Here is the third question.
Why intermediate appellate courts created a rule providing for two different standards of proof in attorney disciplinary proceedings?
The standard of proof in attorney disciplinary proceedings is like an insane roller-coaster:
Private discipline:
Letter of education
Letter of caution
Letter of admonition
|
Public discipline:
Censure
Temporary suspension of license
Permanent revocation of license
|
Reinstatement of license
|
Clear and convincing evidence
|
Preponderance of the evidence
|
Clear and convincing evidence
|
Appellate court, as any other ADMINISTRATIVE agency dealing with issuance or revocation of occupational licenses, is:
- making rules of attorney professional conduct - as a legislator;
- appoints prosecutors (and structure disciplinary committees to have super-majorities of private market players), and deems prosecutors the "arm of the court", or a "part of the court" - so the court is also a prosecutor, an executive function
- adjudicates the case - the judicial function
As it was correctly stated in one federal court case, if a judge presides over a PTA meeting, that does not make the PTA meeting a court proceeding.
But, even in administrative proceedings there should be elementary fairness to the prosecuted holder of an occupational license.
So - WHAT on Earth can be the so-called "rational basis" to raise the burden of proof high for the levels of discipline that are private and are not known to the public, then to DROP that burden of proof to the level of the least worthy of protection (preponderance of the evidence) where the stakes are the highest - loss of license, reputation and livelihood forever - and then to RAISE the burden of proof once again when the individual asks to return the law license to him or her.
Federal court in Neroni v Zayas, Judge Lawrence Kahn, possibly after consultation with the "market players" behind the locked doors of the American Inns of Court, over dinner, pretended it did not see the claim and dismissed it without ever discussing it.

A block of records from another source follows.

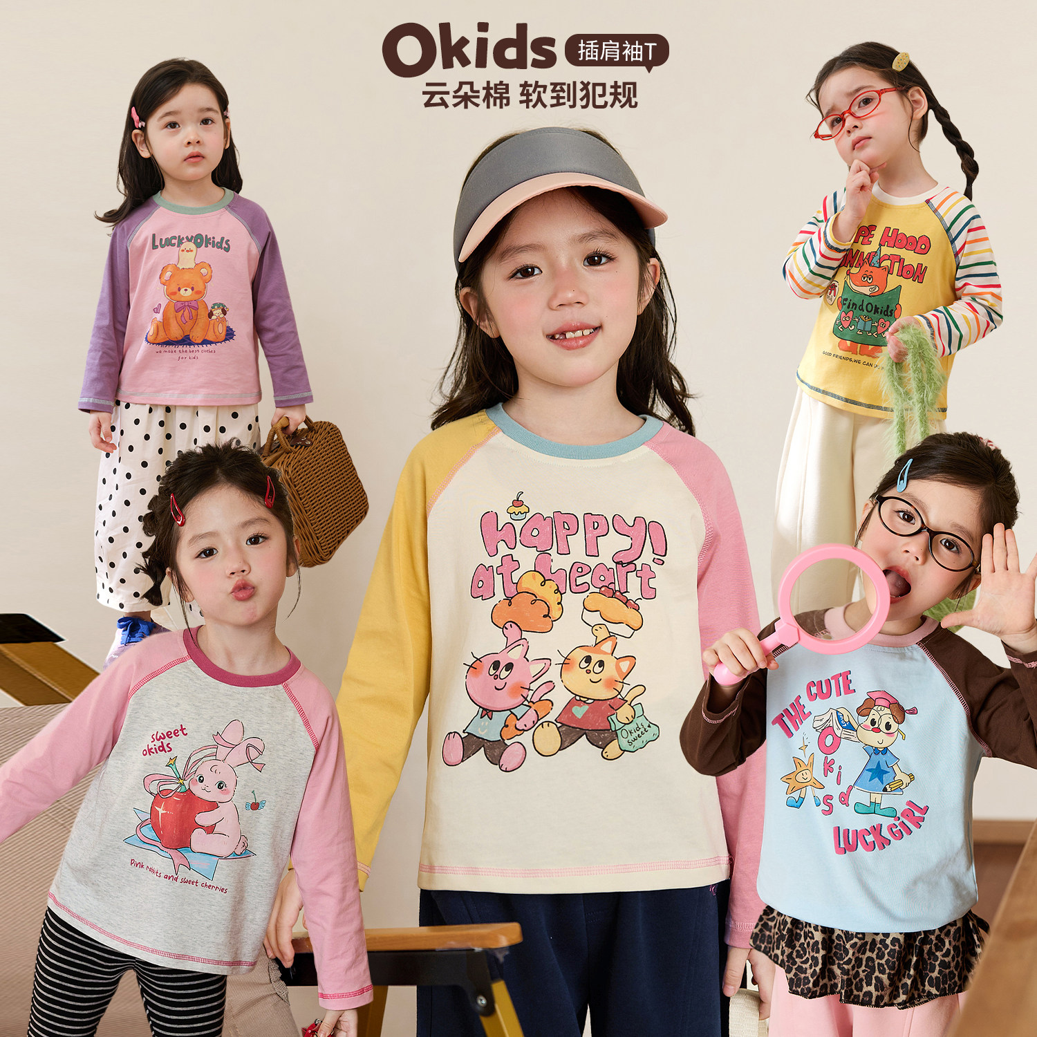 小O宝童装 宝宝长袖t恤女插肩袖2026春装新款女童100%棉卡通上衣
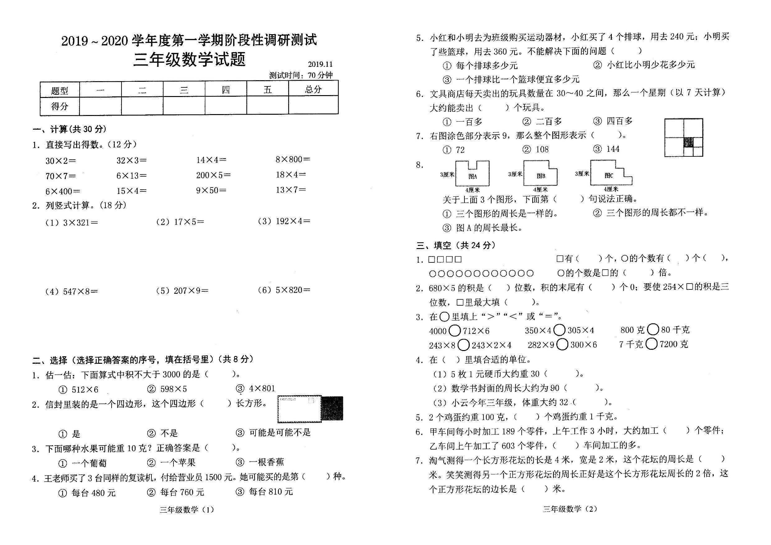 江苏省常州市2019-2020学年度第一学期期中阶段性调研测试三年级数学试题苏教版
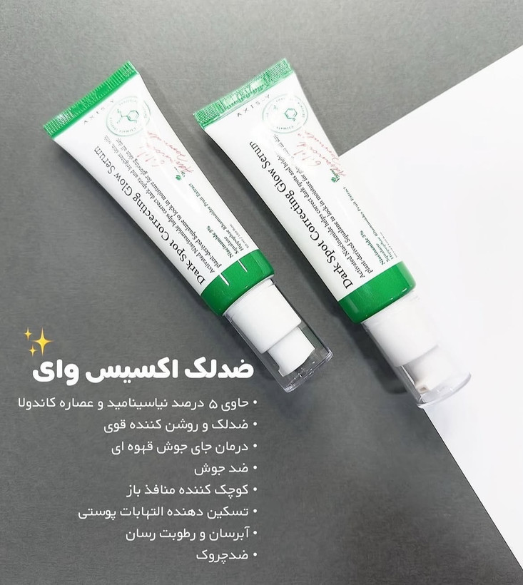 محصولی ک فقط رضایت داشته سرم اکسیس وای ( اورجینال ) بهبود لک و جای جوش روشن کننده و درخشان کننده یکدست کننده بافت و رنگ پوست حفظ رطوبت پوست کاهش التهابات بهبود جوش ها جلوگیری از ایجاد جای جوش بافت سبک و زود جذب مناسب انواع پوست مخصوصا پوست های مستعد آکنه و حساس وگان نحوه استفاده از ضد لک اکسیس وای : صبح و شب مقدار کمی از ضد لک axis y را روی صورت و گردن بزنید. به عنوان ماسک شب نیز قابل استفاده میباشد.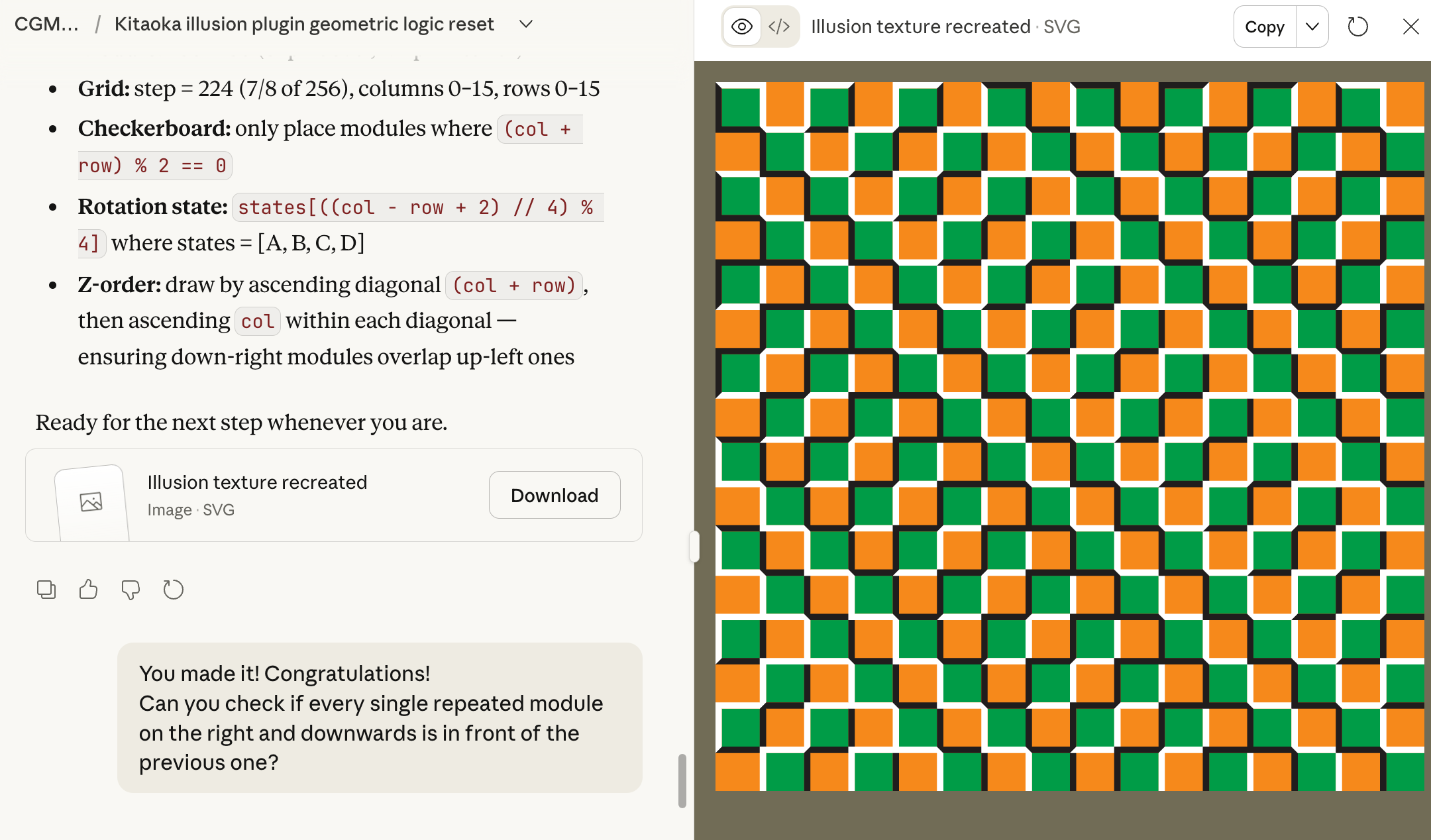 Success! The recreated Kitaoka illusion texture displayed as an SVG, with the AI asking the user to verify the layering order of the repeating modules.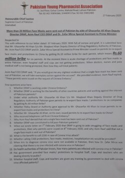 ایسی صورتِ حال میں پاکستان ینگ فارماسسٹ ایسوسی ایشن کی طرف سے ایک بیان جاری کیا گیا جس میں الزام عائد کیا گیا کہ 30 جنوری کو حکومت کی طرف سے فیس ماسک کی برآمد پر سخت پابندی عائد کر دی گئی تھی۔ لیکن 7 فروری کو ڈپٹی ڈائریکٹر ڈریپ غضنفر علی خان، سی ای او ڈریپ عاصم رؤف اور معاون خصوصی برائے صحت ڈاکٹر ظفر مرزا کی ملی بھگت سے دو کروڑ ماسک چین بھجوانے کے چھ پرمٹ جاری کیے گئے۔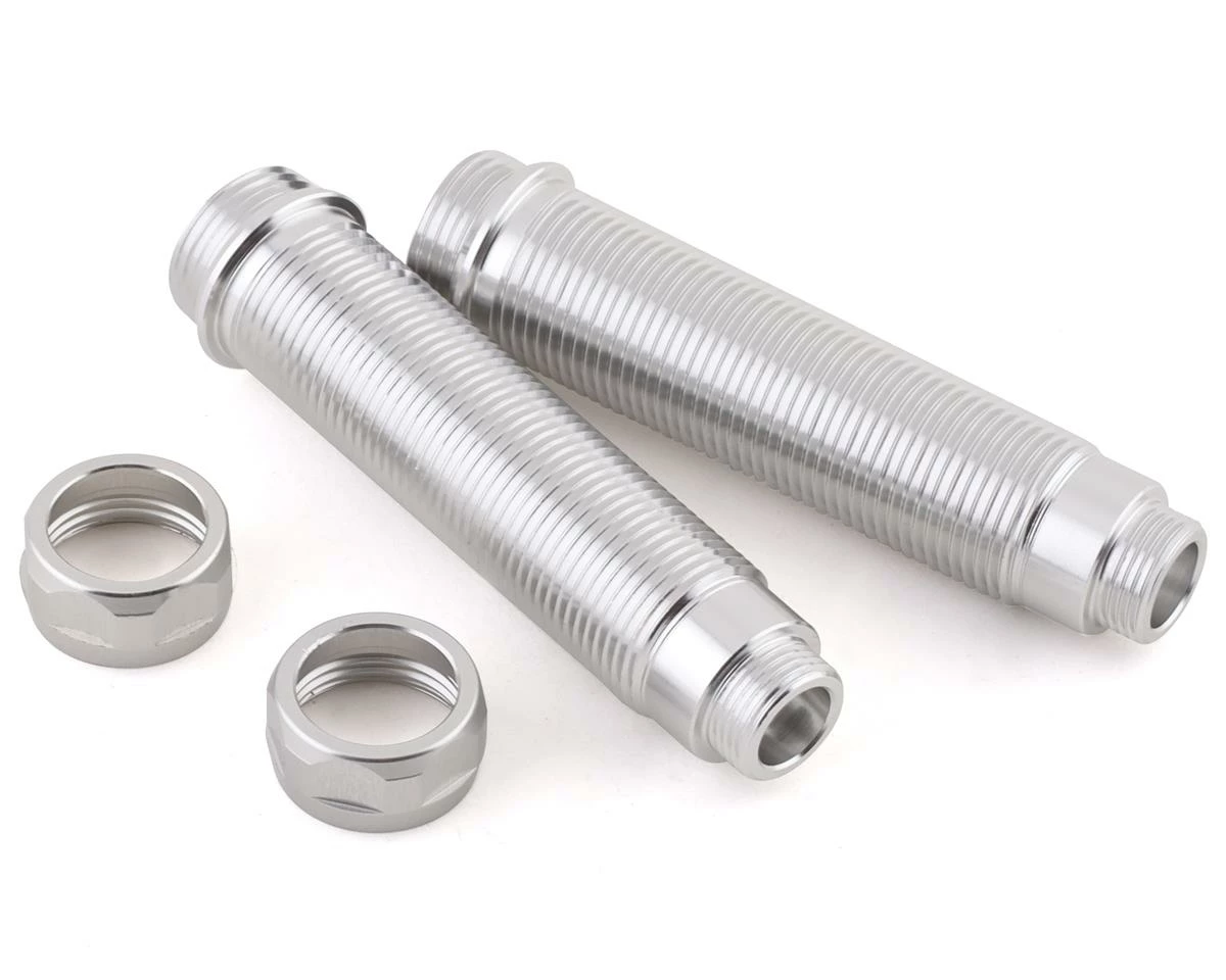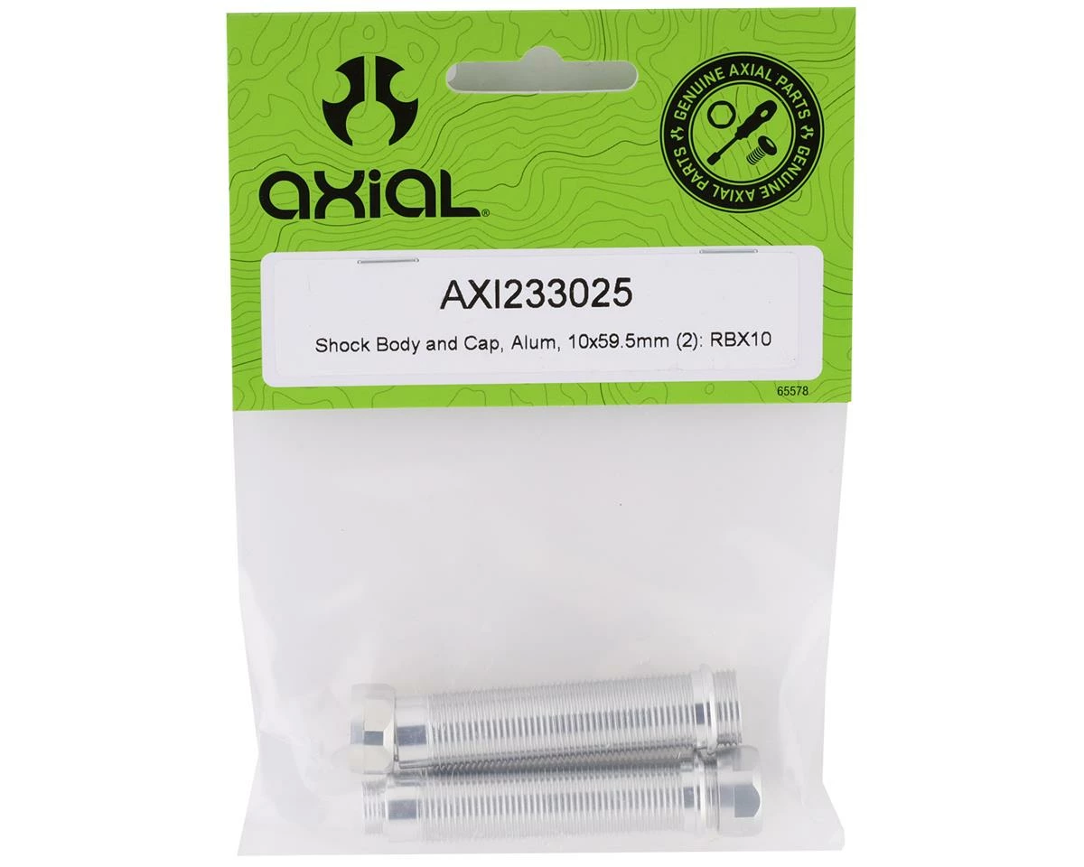 Axial RBX10 Ryft Aluminum 10×59.5mm Shock Body & Cap. Package includes two replacement shock bodies and outer shock caps used in the rear position.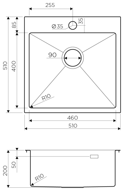 - Кухонная мойка изготовлена из высококачественной хромоникелевой нержавеющей стали SUS304. Она содержит 18% хрома и 8% никеля, что обеспечивает её максимальную защиту от коррозии;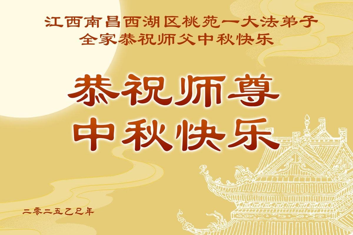 恭祝慈悲伟大的师尊中秋节快乐! 江西九江市一家五位大法弟子 二零二五年九月三十日 江西省一大法弟子恭祝师尊中秋快乐!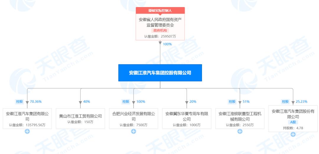 来梳理一下上述公司之间复杂的关系:在5月29日的交易之前,江汽控股是安徽省国资委全资子公司,同时也是上市公司江淮汽车的最大股东,持有后者25.23%的股份。大众中国则是德国大众汽车股份有限公司在中国设立的全资控股公司,主要负责投资、科研和咨询业务。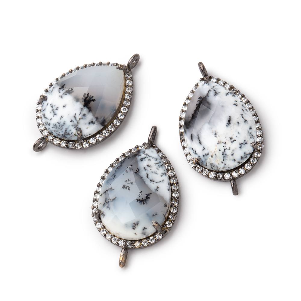 26x16mm with the two rings, this Black Gold Plated Bezeled Dendritic Opal Faceted Pear Connector with White CZs is sold as 1 focal piece.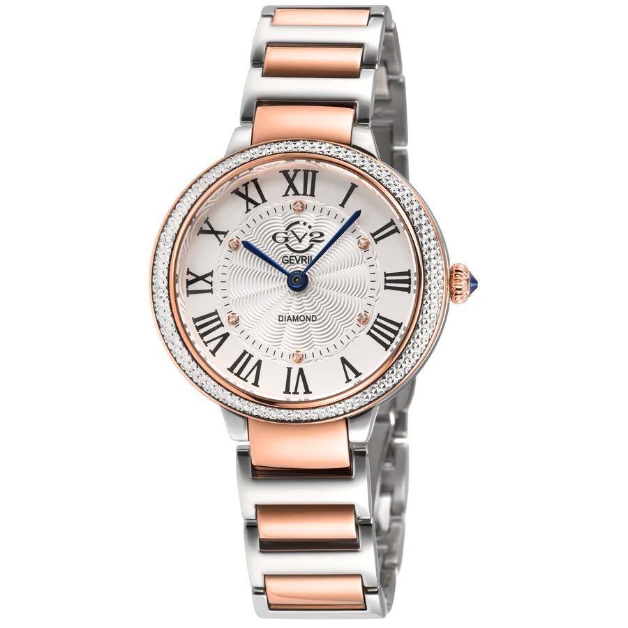 Silver-tone stainless steel case with a two-tone (silver-tone and rose gold-tone) stainless steel bracelet. Fixed rose gold-tone stainless steel bezel. White dial with blue hands and Roman numeral hour markers. Minute scale around the inner rim. Dial Type: Analog. Ronda Caliber 762 quartz movement. Scratch resistant sapphire crystal. Pull / push crown. Solid case back. Round case shape, case size: 36 mm, case thickness: 10 mm. Band width: 16 mm. Deployment with push button release clasp. Water resistant at 50 meters / 165 feet. Functions: hour, minute. Additional Info: diamonds. Rome Brillante Series. Fashion watch style. Watch label: Swiss Movt. GV2 by Gevril Rome Brillante Quartz White Dial Ladies Watch 122104B. GENERAL Box Type: Original Box CASE Case Thickness: 10 mm Case Material: Stainless Steel Case Shape: Round Case Back: Solid BAND Band Material: Stainless Steel Band Type: Bracelet Band Color: Two-tone (Silver-tone and Rose Gold-tone) Band Width: 16 mm Clasp: Deployment with Push Button Release DIAL Dial Color: White Type: Analog Crystal: Scratch Resistant Sapphire Hands: Blue Dial Markers: Roman Numeral Second Markers: Minute Scale around the inner rim Bezel: Fixed Bezel Color: Rose Gold-tone Bezel Material: Stainless Steel Crown: Pull / Push INFORMATION Brand: Gv2 By Gevril Series: Rome Brillante Collection Name: Rome Brillante Gender: Womens Model: 122104B Watch Label: Swiss Movt Movement: Quartz Engine: Ronda Caliber 762 FEATURES Water Resistance: 50 meters / 165 feet Functions: Hour, Minute Watch Features: Analog, Gold, Stainless Steel, Diamond ADDITIONAL INFO Watch Style: Fashion Warranty: With Manufacturers Guarantee UPC Code: 840840150202 Additional Info: Diamonds Jomashop Sku: Y-A5VVC Department: Watches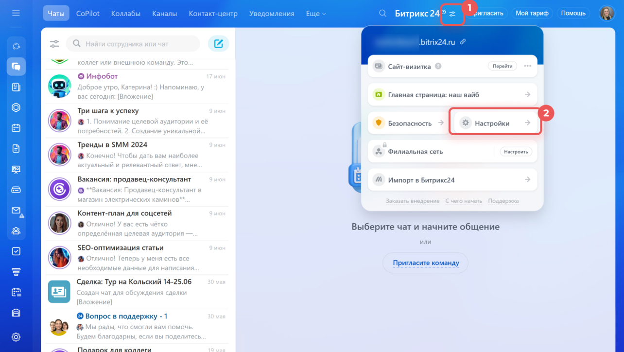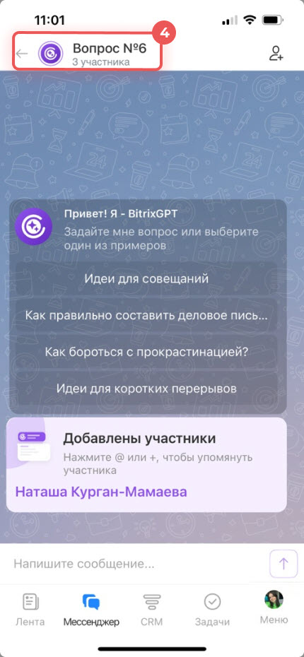 1-3. Перейдите в Мессенджер и откройте чат с BitrixGPT.

Yet, the question as to the disparity of the burden of proof remains.
If the burden of proof by preponderance of the evidence is proper, then why for LOWER types of discipline and for reinstatement proceedings, the burden of proof is higher?
And isn't it a violation of equal protection, a facial violation, through the existing rules?
And an in-built bias of the court - remember, the legislator of those rules AND the adjudicator, and the prosecutor?